Sixteen stages out of 21 have been completed, but the suspense remains intact, with six riders separated by little more than 2 minutes. Behind Alaphilippe and Thomas, Steven Kruijswijk remained third, 1:47 off the pace and 3 seconds ahead of Thibaut Pinot. Thomas’ Ineos teammate Egan Bernal lags 2:02 behind and Emmanuel Buchmann has a 2:14 deficit.

Bernal, a Colombian and one of the best pure climbers in the Tour, played down Thomas’ crash and said the race in the Alps will suit him more than the Pyrenees, where both Ineos leaders conceded time to Pinot.

“He crashed but with no consequence and I don’t think he’ll suffer from it in the coming days,” Bernal said. “We’re approaching the Alps. The climbs there are longer and steeper. They’re more of the Colombian style of climbing. I’m ready and I feel good.”

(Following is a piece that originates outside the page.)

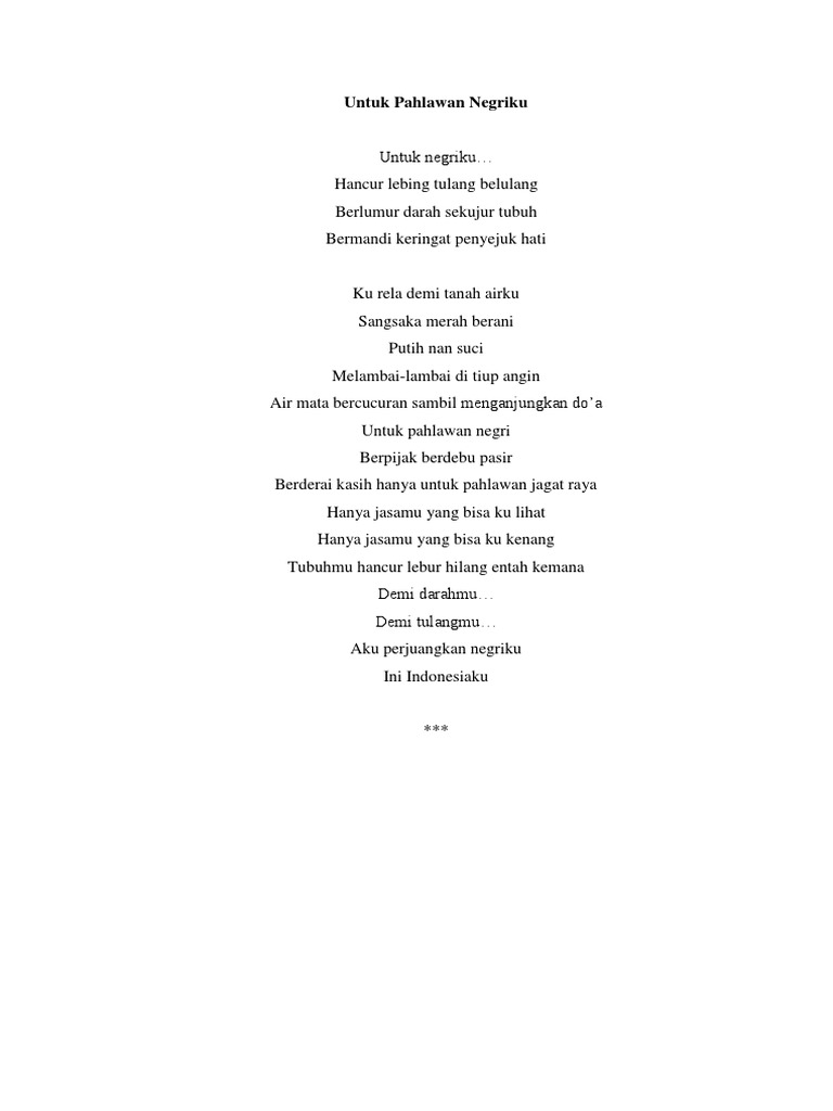 Sungguh besar pengorbananmu untuk negeriku indonesia saya. Contoh puisi tentang polisi 1 bait. Justin7D Justin7D 01052016 B.

Ewan said he suffered from the heat throughout the stage — temperatures soared as high as 40 degrees Celsius (40 F) — but it did not slow him down in the finale. The Australian Tour debutant edged Elia Viviani and Dylan Groenewegen to post his second stage win following his maiden success in Toulouse last week.

Earlier, riders tried to cool down with bottles of cold water against the backs of their necks as they pedaled on the Pont du Gard, an ancient Roman aqueduct bridge set against a dramatic landscape of rocks, trees and water. Alexis Gougeard, Lukasz Wisniowski, Stephane Rossetto, Paul Ourselin and Lars Bak organized the day’s breakaway and had a maximum lead of 2 minutes.

After the group was caught two kilometers from the finish, Viviani was set up by his teammates and launched the sprint about 200 meters from the line but could not resist Ewan’s comeback.

“To be honest, I felt so bad today during the day. I think the heat really got to me,” Ewan said. “I was really suffering but I had extra motivation today because my daughter and wife are here. I’m so happy I could win for them.”